Globalive Wireless CEO Anthony Lacavera has hardly finished mailing a $442 million cheque to Ottawa for the spectrum he won in the recent AWS auction and he’s already looking for more cash.
Lacavera, who heads parent Globalive Communications, and his partner in the wireless venture, Naguib Sawiris, who heads Egyptian-based Orascom Telecom, said Thursday they’ll need $1.9 billion over the next decade to build a national cellular network.
Of that, Orascom is willing to put in up to $700 million over the next three to four years to get the company going. That doesn’t include vendor financing of hardware the company will need.
Globalive Wireless aims to start doing business a year from now in five cities – Toronto, Vancouver, Calgary, Edmonton and Ottawa – with a target of signing up 1.5 million subscribers in the first three years.

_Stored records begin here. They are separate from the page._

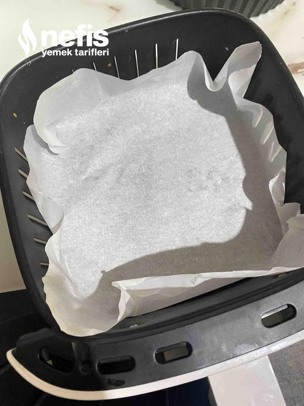 - Isıtılmış airfryer kabımıza yağlı kağıdımızı alıyoruz ve browni hamurumuzu döküyoruz.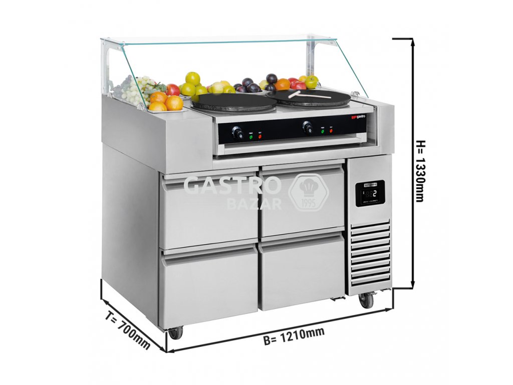 All in One vozík 1,21 x 0,7 m - se čtyřmi zásuvkami 1/2 - včetně zařízení na výrobu palačinek se 2 plotnami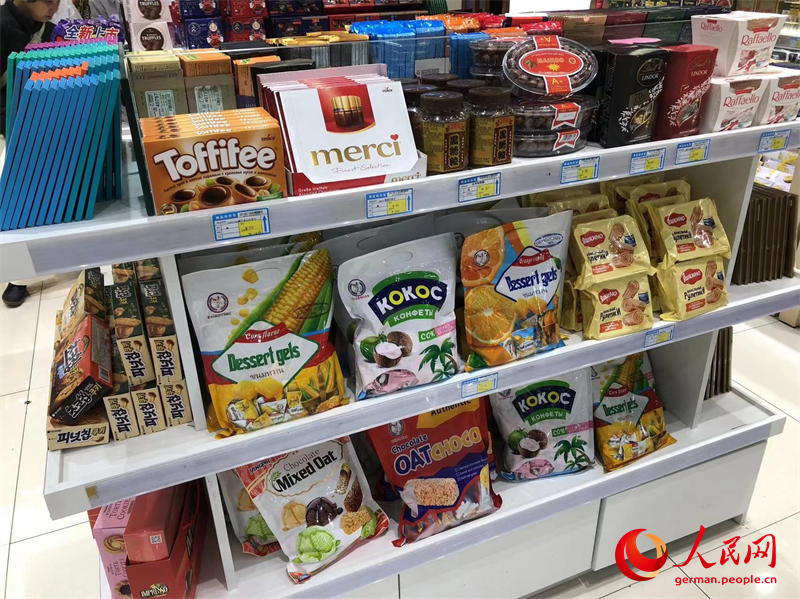 Waren in einem Duty-Free-Gesch?ft auf der kasachischen Seite. (Foto: People’s Daily Online/Oliver Fritzsch)

By 2014, they hope to have 3.5 million. According to an Orascom slide presentation for the press and investors, the initial target market will be consumer rather than business users. Those living in rural areas will have to wait a while. One slide says the AWS spectrum just purchased is unsuited for rural areas. Service there will have to wait until spectrum in the 700Mhz is auctioned, which, it believes, will be in 2011 or 2012.

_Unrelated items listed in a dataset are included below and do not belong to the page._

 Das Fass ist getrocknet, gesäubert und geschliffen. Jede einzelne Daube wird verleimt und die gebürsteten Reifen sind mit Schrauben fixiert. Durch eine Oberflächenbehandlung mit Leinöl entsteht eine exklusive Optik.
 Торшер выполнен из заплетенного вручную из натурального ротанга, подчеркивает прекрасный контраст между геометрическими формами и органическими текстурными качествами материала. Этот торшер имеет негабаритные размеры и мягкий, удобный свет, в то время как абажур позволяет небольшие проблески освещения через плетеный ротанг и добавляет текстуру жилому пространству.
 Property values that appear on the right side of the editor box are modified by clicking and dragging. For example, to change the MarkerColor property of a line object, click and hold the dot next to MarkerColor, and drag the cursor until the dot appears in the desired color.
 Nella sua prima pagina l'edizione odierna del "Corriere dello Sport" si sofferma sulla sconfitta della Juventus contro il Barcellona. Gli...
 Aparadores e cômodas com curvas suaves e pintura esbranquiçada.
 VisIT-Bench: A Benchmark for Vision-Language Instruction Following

Globalive Communications, which owns long distance dial-around services such as Yak Communications, will be able to leverage its estimated 1.5 million customer base, the presentation says. On the other hand, it adds, as a newcomer the wireless company will have trouble attracting enterprise customers.
In an interview Lacavera said he hopes the entire monetary burden won’t fall on his company and Orascom. “So we’re in discussion with various vendors, with a number of potential investors,” he said.
One of them won’t be Iceland telecom entrepreneur Thor Bjorgolfsson, who before the auction started was listed as a partner in Globalive Wireless. Lacavera wouldn’t say when Bjorgolfsson decided to end his participation in the group. He added that “at the end of the day the opportunity wasn’t big enough” for both Bjorgolfsson and Sawiris.
Instead, Orascom now has a 65 per cent equity share in Globalive Wireless and a 20 per cent voting interest. Lacavera will get a chance next week to pitch to investors when he speaks at BMO Capital’s telecom and media conference in Toronto.
Exactly what plans and phones Globalive Wireless will sell isn’t clear. Most industry analysts are certain the new entrants will go for the GSM standard, which only Rogers offers in Canada, over CDMA. Not only is GSM gear less expensive than CDMA thanks to royalty payments that have to go to Qualcom, Rogers earns fat international roaming commissions with GSM.
But Lacavera said no decision on that has been made yet. As for his product offerings, Lacavera said that initially Globalive Wireless will sell “cost-effective, simple” pre-paid plans because it’s a market less well served compared to other countries, “and then expand from there.”